What to say to someone with cancer
There’s no perfect script when someone you care about is diagnosed with cancer. You want to be comforting, but not dismissive. Encouraging, but never fake. It’s easy to get tongue-tied.
Saying nothing can feel like abandonment. But saying the wrong thing? That can hurt even more. No pressure, right?
Still, your words matter. And more than your words, your presence. Below are 50 things you can say, from one-liners to thoughtful messages, that come from a place of honesty, care, and respect.

50 Things to Say to Someone Who Has Cancer
- What to say when you don’t know what to say.
- I’m so sorry. I’m here.
- I hate that you’re going through this. I really do.
- This sucks. It really, really sucks.
- You don’t have to be strong for me.
- I’m not going anywhere.
- I’ll walk with you through this – whatever ‘this’ ends up looking like.
- You don’t need to respond.
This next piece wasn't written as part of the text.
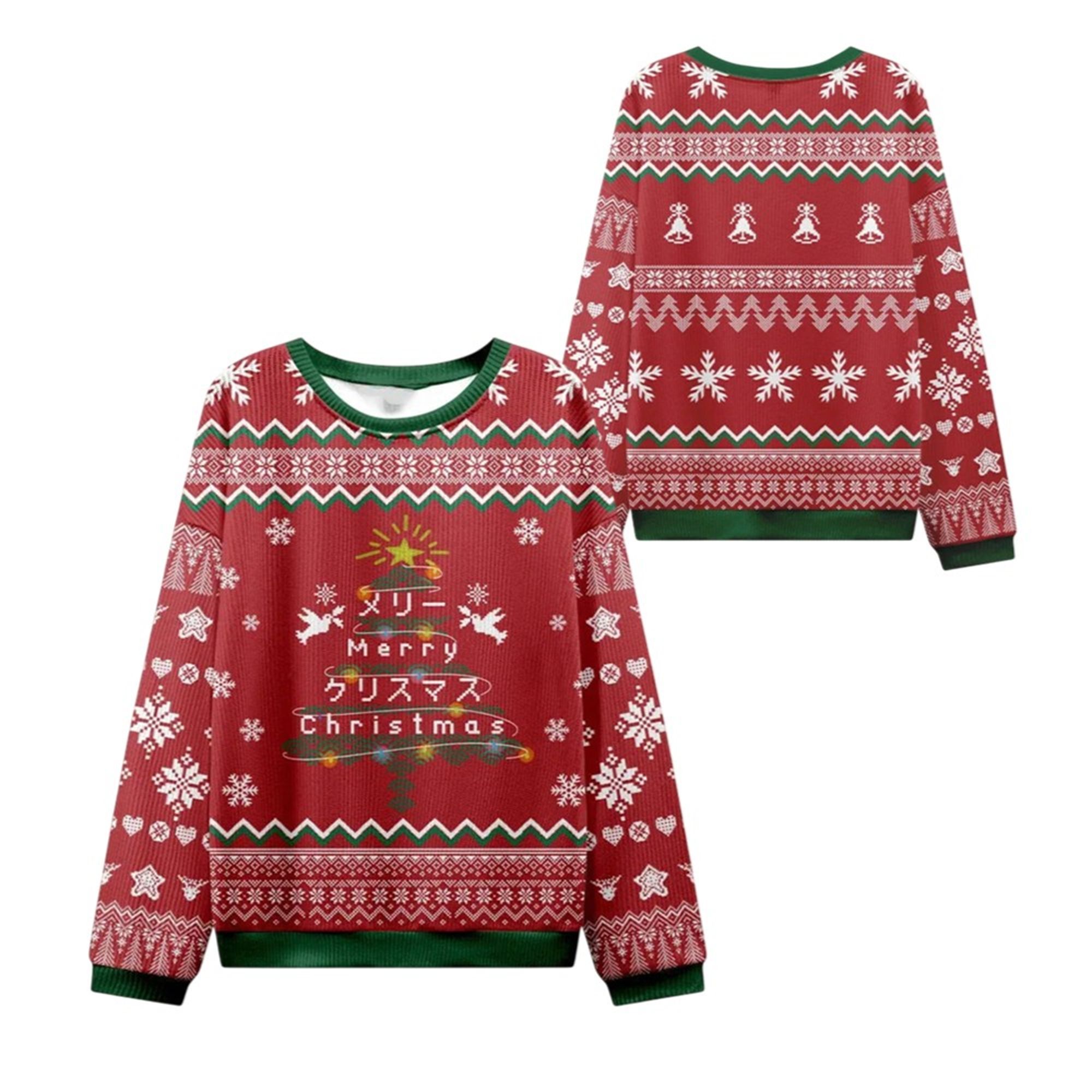 At the heart of this sweater is a beautifully stylized Christmas tree, glowing with a golden aura and topped with a radiant star. Graceful white doves flank the treetop, symbolizing peace and joy. What sets this design apart is the elegant text adorning the tree: “メリークリスマス” (Merī Kurisumasu), the Japanese way of saying “Merry Christmas,” sits proudly above the English translation. This thoughtful, multicultural detail makes the sweater a standout piece, perfect for those who appreciate global cultures or simply want a design that’s truly one-of-a-kind. The entire garment, front and back, is a festive masterpiece, covered in classic Fair Isle patterns, charming rows of Christmas bells, delicate snowflakes, and miniature evergreen trees.

I just wanted to say I’m thinking of you.
- You’re still you. Nothing about this changes that.
- You don’t have to talk about it if you don’t want to. I’m still here either way.
- I don’t know what to say, but I love you.
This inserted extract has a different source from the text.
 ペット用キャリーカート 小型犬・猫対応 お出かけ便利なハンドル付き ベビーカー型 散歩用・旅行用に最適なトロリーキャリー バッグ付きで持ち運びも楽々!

See our Encouraging Quotes and Sayings page.
Offer A Helping Hand
- I’m making soup. Want some?
- I’m free Tuesday or Thursday to drive you to treatment. Which one works?
- Let’s make a playlist for the days you feel okay. And one for the days you really don’t.
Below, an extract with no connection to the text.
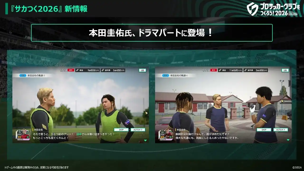 本作アンバサダー、本田圭佑さんのゲーム内での活躍について描かれたドラマパートが登場します。どんなドラマが繰り広げられるのか、ぜひご期待ください。 |

- You’re not a burden. You’re a priority.
- I’m here to talk, sit in silence, run errands, or just eat snacks and watch TV. Whatever feels right today.
- If you don’t feel like texting back, that’s okay. I’ll still keep checking in.
- You don’t owe anyone positivity. You’re allowed to just exist right now.
- You’re allowed to be scared. I’ll be scared with you.
- If you want to joke about it, I will. If you want to cry, I will. If you want to scream, I’ll get in the car and scream too.
- Can I help spread the word so you don’t have to keep repeating it?
- You don’t have to ‘fight’ every day. Sometimes, surviving is more than enough.
See our Words of Comfort for a Dying Friend feature.

Instilling Confidence
- I believe in your doctors. I believe in you more.
- Let me be your logistics person. I’ll keep track of appointments, meds, insurance, and whatever else is draining you.
- Want to plan something for when you feel stronger? Just a short walk or your favorite meal?
- I’ll sit with you during chemo if you want. I’ll bring snacks and shut up when needed.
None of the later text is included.